A Curmudgeonly Oak Tree Learns a Lesson

 Once there was a little boy who climbed up a curmudgeonly oak tree. The oak tree was of a cynical, crotchety sort. Even his acorns were bitter. But the little boy didn't know this. He only knew that there was a prefect bend in the upper branches of the tree that made an excellent spot for sitting. From there he could see out into the wide world. At night he could look up into the stars. But most of the time he sat there thinking. And, occasionally, he would wonder things out loud.

    'Why do the seasons have to change?' he would ask the air.

    'If I were a pirate, I would sail all the seven seas at once, and even try and find an eighth one,' he would declare to the wood.

    'I'd be the bravest man in the whole world, if only something scary would happen,' he'd say, with his fist raised high at nothing.

    The oak tree heard all these musings. And because he was so crotchety and cynical, they annoyed him. The little boy annoyed him, too.

    The oak tree was so annoyed, in fact, that during the dead of night, he sought out the wind to come and rattle his branches during the day so that the little boy wouldn't think the oak was so perfect a place to sit after all.
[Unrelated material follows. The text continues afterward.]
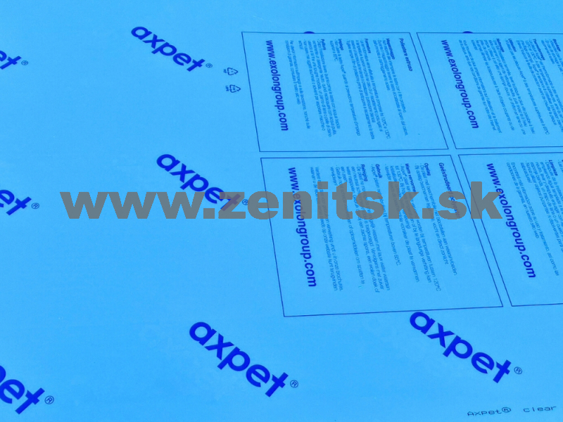 Axpet® označuje termoplastickú polyesterovú dosku. Tento materiál je ideálny pre reklamné výrobky a prezentácie produktov – na skladacie displeje, ochrany plagátov, cenovky, puzdrá, podávače a zásobníky, alebo napr. aj pre potravinárske a farmaceutické výrobky. Axpet® vyniká predovšetkým svojou schopnosťou byť ohýbaný za studena, dobrou chemickou odolnosťou a vysokou pružnosťou. Axpet® sa používa všade tam, kde sú kladené vysoké nároky na priateľskosť k životnému prostrediu a kde môžu byť využité všetky výhody vysoko kvalitnej polyesterovej dosky.

    The wind owed the oak tree a favor, and since the oak tree was so grumpy, the wind was happy to pay the debt, though the oak said the debt would not be paid until the boy left him alone. The next day, when the little boy was sitting in the tree, the wind came and rustled up and down the tree. But the little boy thought this was good fun, and held on tight to the tree while pretending he was a pirate sailing the eighth sea.

    The wind came again the following day as the little boy was curled up in the tops of the tree whistling. This time it jutted and spurted and whirled as chaotically as it could, spinning the leaves about so ferociously that they fell off the trees. But the little boy paid careful attention, and as the leaves landed gently on the ground, he realized that some things had to die to be able to have other things grow, and his mind felt it had an answer to why the seasons changed.

    The wind came a third time while the little boy sprawled on his belly in the oak's perfect branches, and this time it was determined to pay its debt. It summoned all its strength, blasted a full-force gale, and said, 'Get out of the forest, boy,' in as deep a voice as it could muster.

    The little boy's eyes went wide. Then they narrowed. Then he tightened his grip on the oak tree. And for just one moment, he knew he was the bravest man in the world. But enough was enough. And after the little boy was done being brave, he left the oak tree alone.

   The next day, when the little boy did not come to the oak tree, the oak sent the wind on its way, and reveled in the little boy's absence. But when a second day passed and the little boy did not show up, the oak tree's crinkled bark seemed just a little sad about that. The next day came, and the oak was sadder still at his bare branches. The next day, the next, and the one after that: each one made the little boy's absence that much sadder to the old oak, for the oak realized that the child was a curious, clever, brave sort of boy — just the kind of person the oak would have liked to get to know after all.

    So, when a little girl came and climbed up its branches and sat in the prefect bend atop the tree, the oak smiled and listened carefully so that he would not miss out this time.